Improving the sectional Model for Simulating Aerosol Interactions and Chemistry (MOSAIC) aerosols of the Weather Research and Forecasting-Chemistry (WRF-Chem) model with the revised Gridpoint Statistical Interpolation system and multi-wavelength aerosol optical measurements: the dust aerosol observation campaign at Kashi, near the Taklimakan Desert, northwestern China

The Gridpoint Statistical Interpolation data assimilation (DA) system was developed for the four size bin sectional Model for Simulating Aerosol Interactions and Chemistry (MOSAIC) aerosol mechanism in the Weather Research and Forecasting-Chemistry (WRF-Chem) model. The forward and tangent linear operators for the aerosol optical depth (AOD) analysis were derived from WRF-Chem aerosol optical code. We applied three-dimensional variational DA to assimilate the multi-wavelength AOD, ambient aerosol scattering coefficient, and aerosol absorption coefficient, measured by the sun–sky photometer, nephelometer, and aethalometer, respectively. These measurements were undertaken during a dust observation field campaign at Kashi in northwestern China in April 2019. The results showed that the DA analyses decreased the model aerosols' low biases; however, it had some deficiencies.
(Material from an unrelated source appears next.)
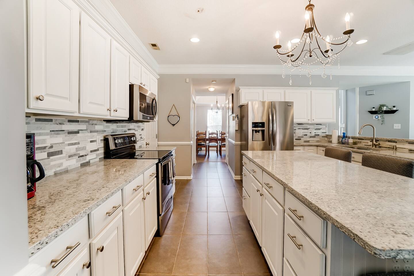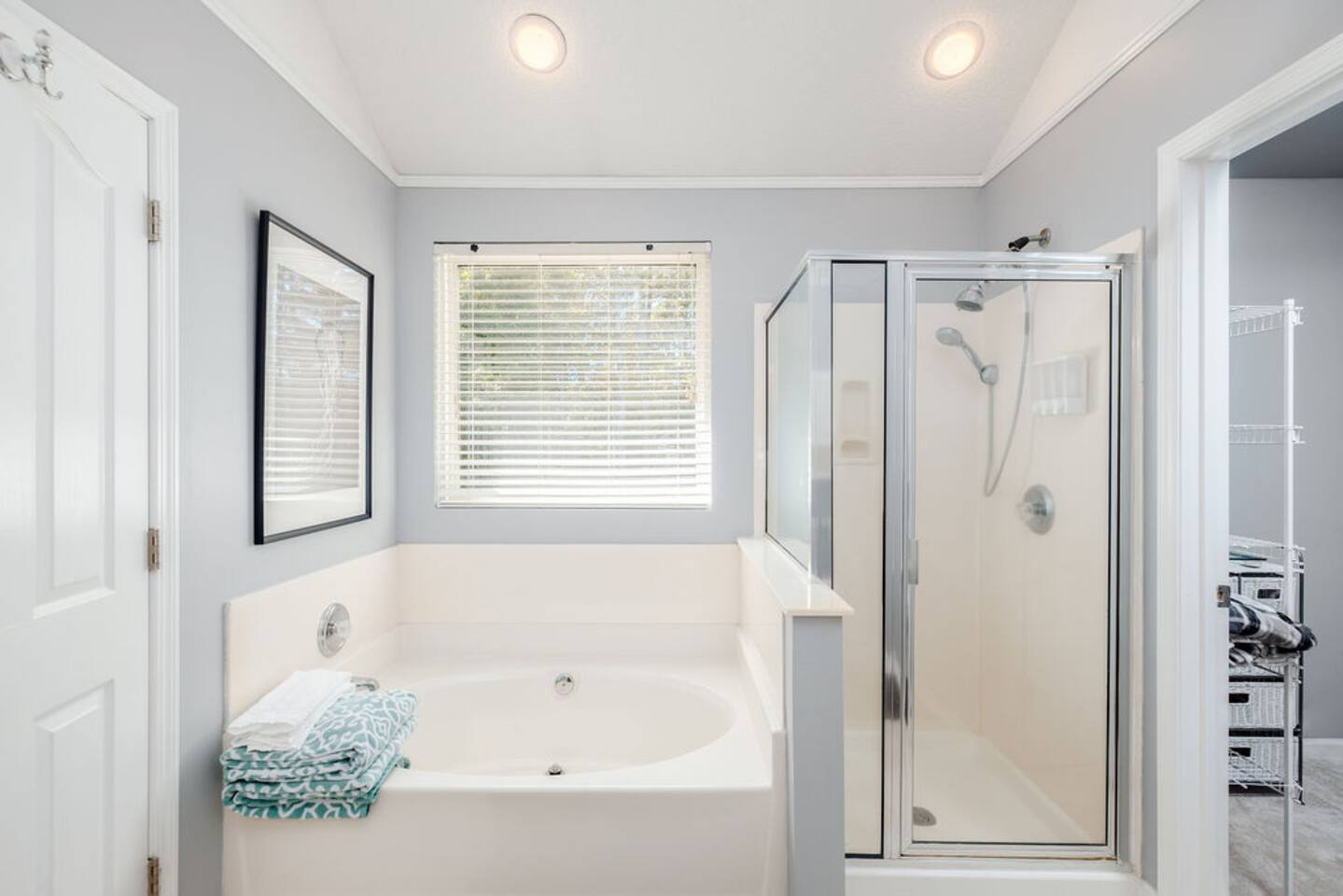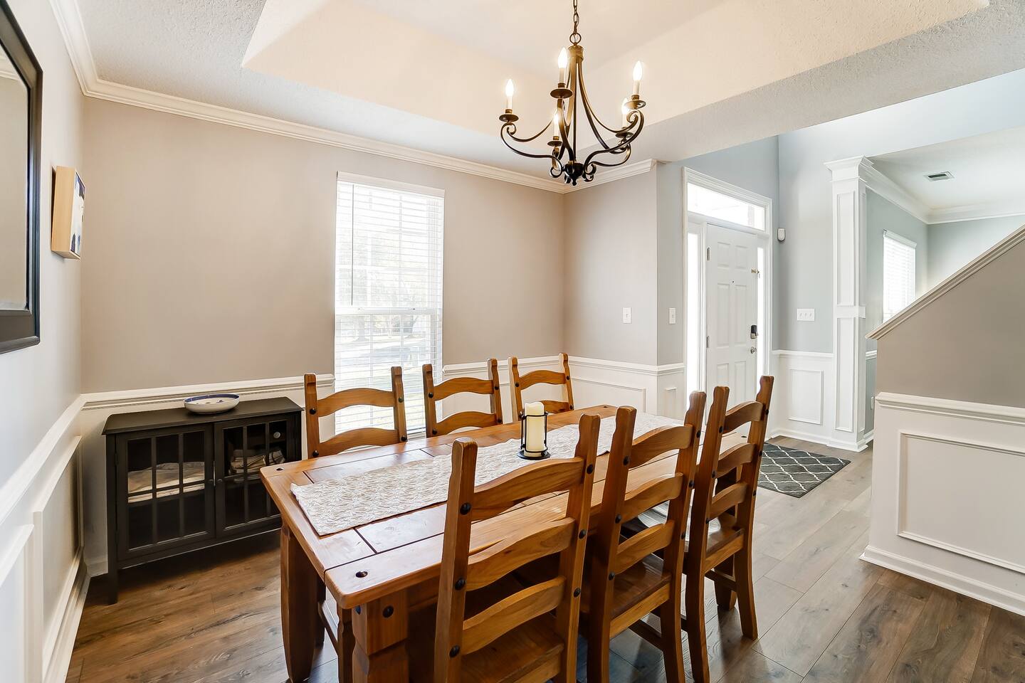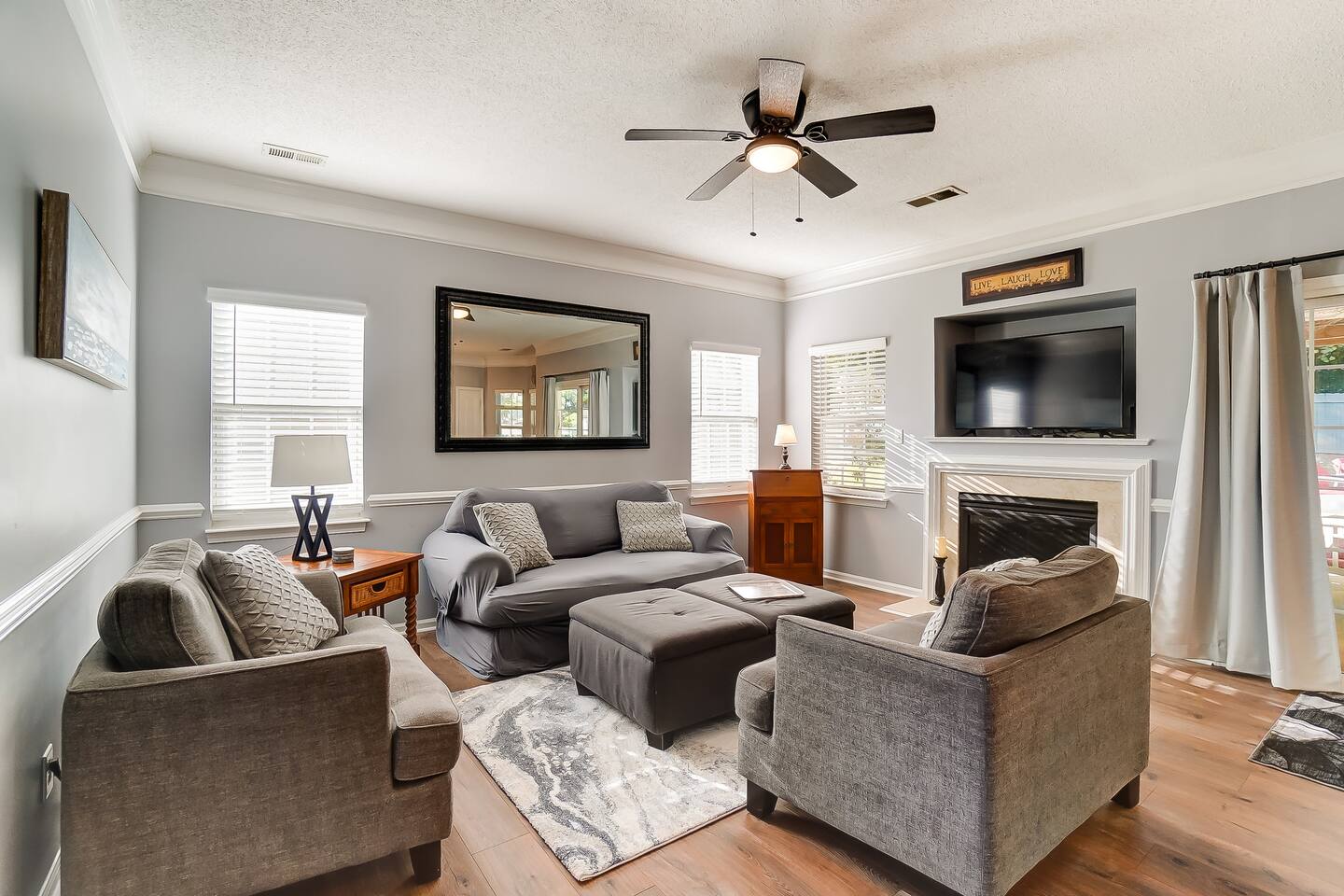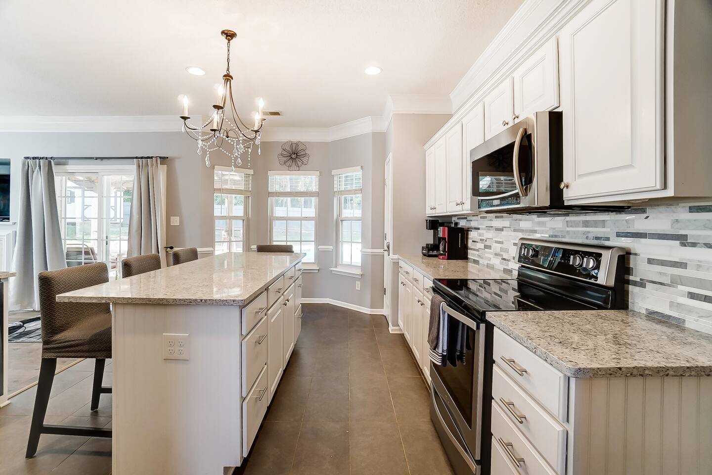 Guests have full access to the entire home and backyard, including the pool (seasonal), patio, and fenced yard except for two locked owners closets (one in the kitchen, one in the upstairs hallway), the garage, and the backyard shed. We have to store stuff somewhere! The driveway accommodates up to 4 vehicles — all parking must be in the driveway (no street parking per neighborhood rules). You’ll enjoy easy self check-in with a keypad code and complete privacy during your stay. (Weekly pool and yard service may stop by to maintain the property — they’ll only access the backyard, never the interior.)
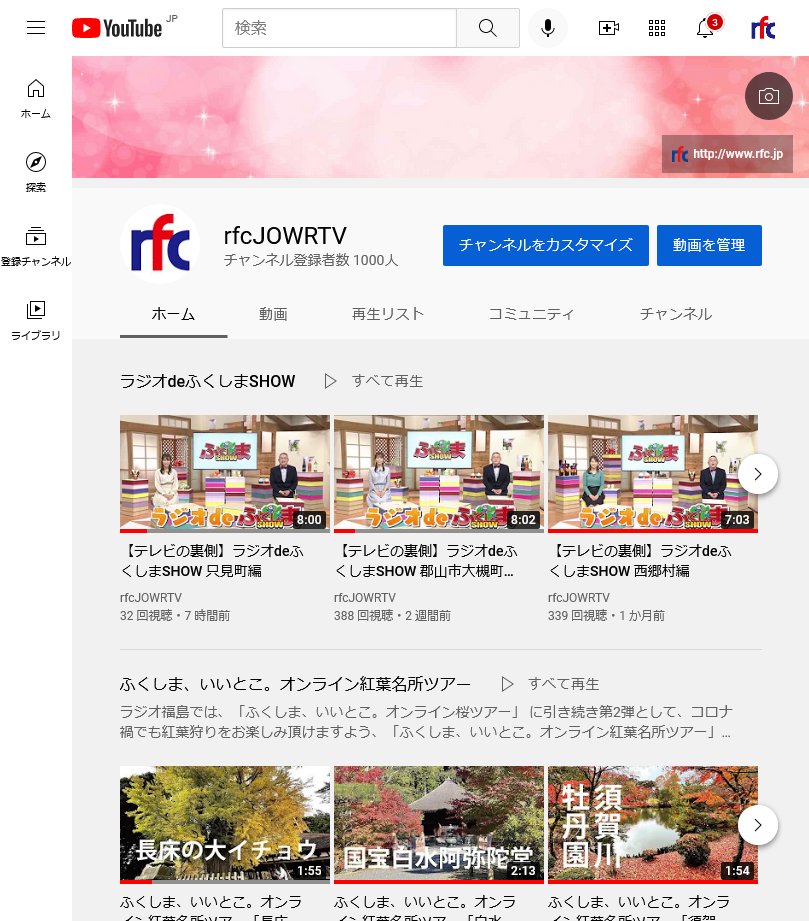 ラジオ福島公式YouTubeチャンネル登録者数がようやく1,000人となりました。ありがとうございます。2023年の開局70周年に向けて、YouTubeでも様々な企画を展開してまいりますので、よろしくお願いいたします。

Assimilating the surface particle concentration increased the coarse particles in the dust episodes, but AOD and the coefficients for aerosol scattering and absorption were still lower than those observed. Assimilating aerosol scattering coefficient separately from AOD improved the two optical quantities. However, it caused an overestimation of the particle concentrations at the surface. Assimilating the aerosol absorption coefficient yielded the highest positive bias in the surface particle concentration, aerosol scattering coefficient, and AOD. The positive biases in the DA analysis were caused by the forward operator underestimating aerosol mass scattering and absorption efficiency. As compensation, the DA system increased particle concentrations excessively to fit the observed optical values. The best overall improvements were obtained from the simultaneous assimilation of the surface particle concentration and AOD. The assimilation did not substantially change the aerosol chemical fractions. After DA, the clear-sky aerosol radiative forcing at Kashi was −10.4 W m−2 at the top of the atmosphere, which was 55 % higher than the radiative forcing value before DA.